- Born: 23 August 1864
- Died: 9 November 1936 (aged 72) Barnet
- Scientific career
- Fields: Ophthalmic surgery
- Workplaces: London School of Tropical Medicine

= Robert Elliot (surgeon) =

Professor Robert Henry Elliot FRCS (23 August 1864 – 9 November 1936) was a British ophthalmic surgeon and author, an expert on snake venom and on Indian magic.

==Biography==

Born on 23 August 1864, Robert Elliot was educated at Bedford School and at the Medical College of St Bartholomew's Hospital. He entered the Indian Medical Service and was gazetted surgeon-lieutenant on 30 January 1892. He served on the North West Frontier, between 1892 and 1893, and was Superintendent of the Government Ophthalmic Hospital, Madras, and professor of Ophthalmology at Madras Medical College, between 1904 and 1914. He gained a D.Sc. from the University of Edinburgh in 1904 with a thesis on the pharmacology of cobra venom. He was Hunterian Professor at the Royal College of Surgeons, between 1916 and 1917, and Chairman of the Naval and Military Committee of the British Medical Association, between 1917 and 1922. In 1919 he was appointed as lecturer in Ophthalmology at the London School of Tropical Medicine, and as ophthalmic surgeon at the Prince of Wales Hospital.

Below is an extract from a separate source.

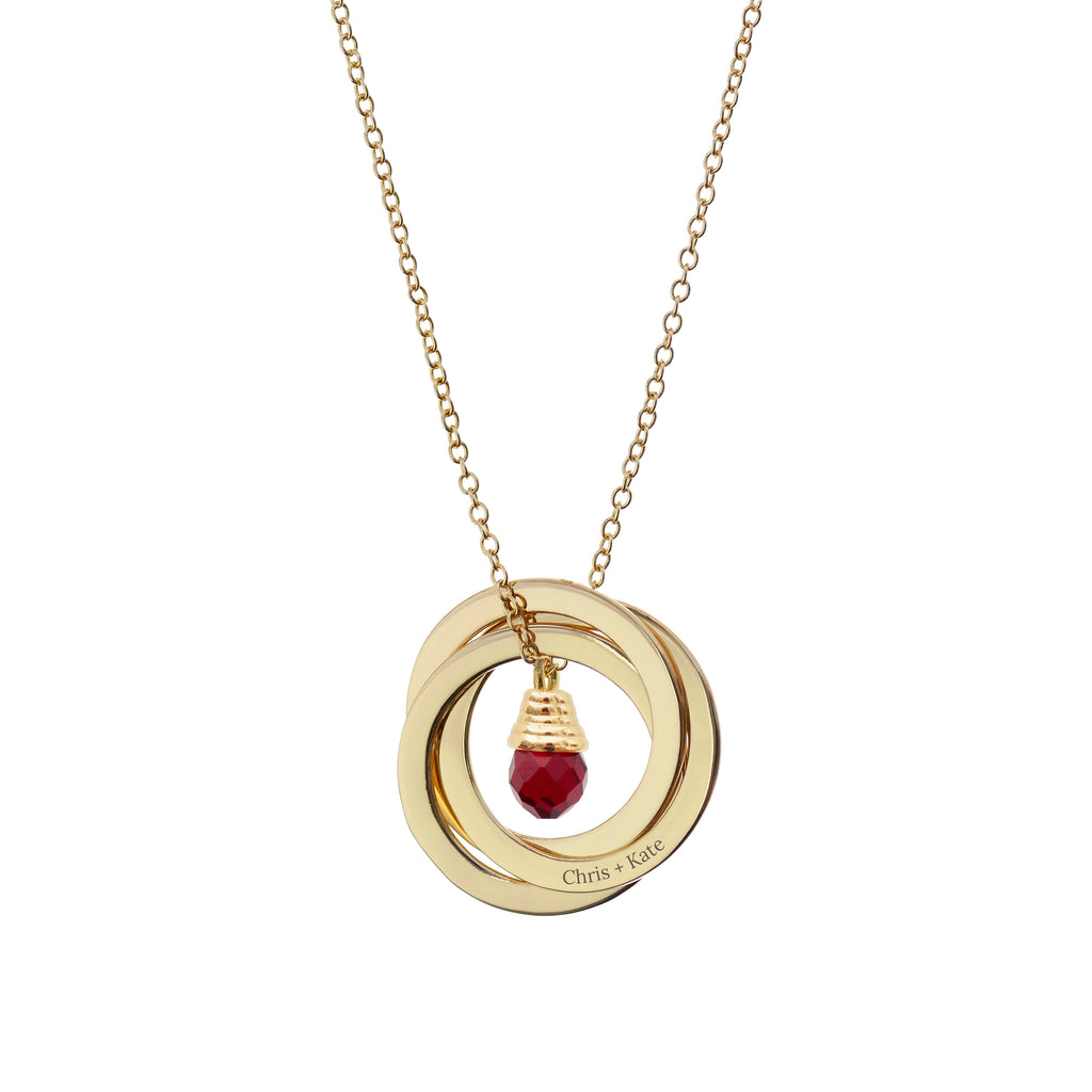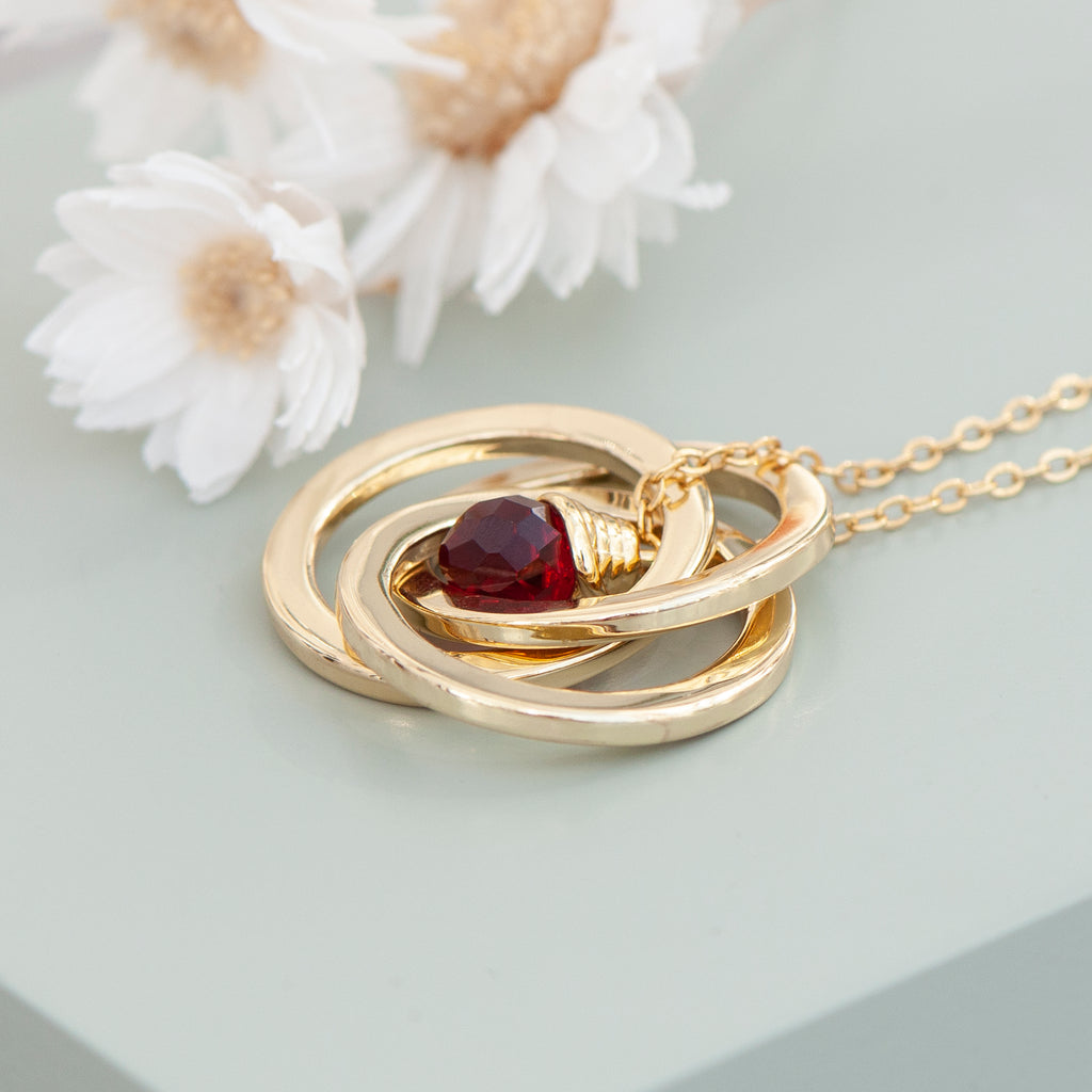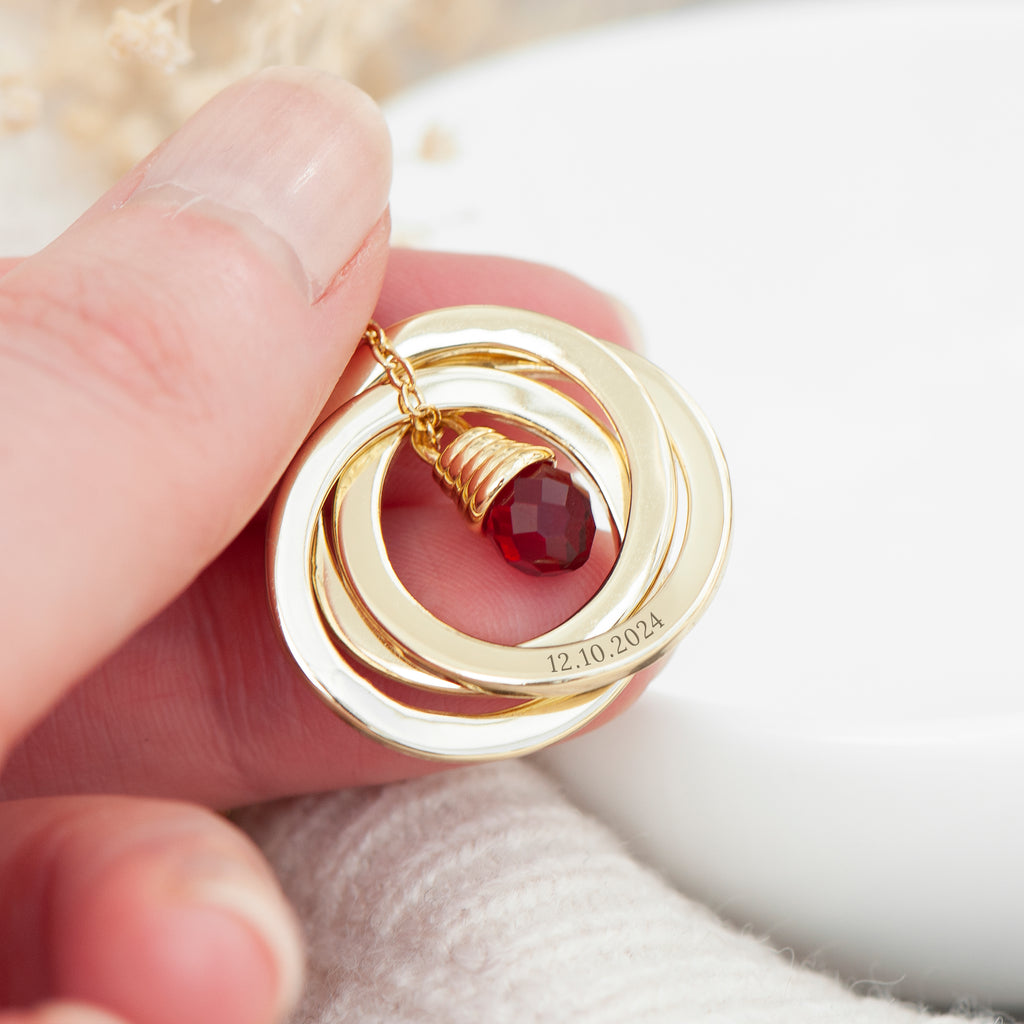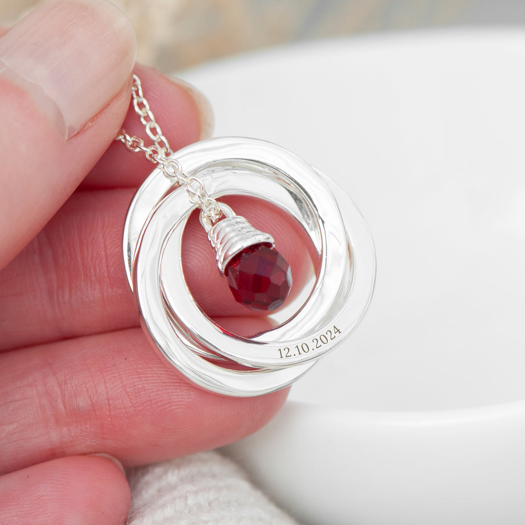A Russian Ring symbolises friendships or familial bonds and pays homage to the past, present, and future. This makes our stunning Personalised Russian Ring Garnet Crystal Necklace the perfect gift for a friend, partner or mum to show them how much they mean to you.
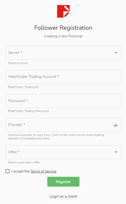 팔로워는 다음 단계를 통해 활성 계정을 등록하여 신호 소스를 팔로우할 수 있습니다.

Professor Elliot was a talented conjuror and was Chairman of the Occult Committee of The Magic Circle between 1919 and 1936. He declared that there is nothing in Indian medicine which is unknown in Europe and he considered that such phenomena as transfixion of the tongue and neck are anatomically possible. So far as firewalking is concerned, the essential factor is the extreme toughness of the feet of people who always walk barefoot. He allowed full credit to the Indian conjurers' extreme manipulative dexterity, but suggested that the Indian repertory is extremely limited. As for the Indian rope trick, he concluded that no such trick has ever been performed.

On snakes, Professor Elliot declared that the cobra is timid and inoffensive, will not strike unless alarmed by a sudden movement, has a limited range, and does not always strike effectively. An antidote for snake bites, he claimed, has been found, but each variety demands its own antidote and the process of making it is not yet available for emergencies.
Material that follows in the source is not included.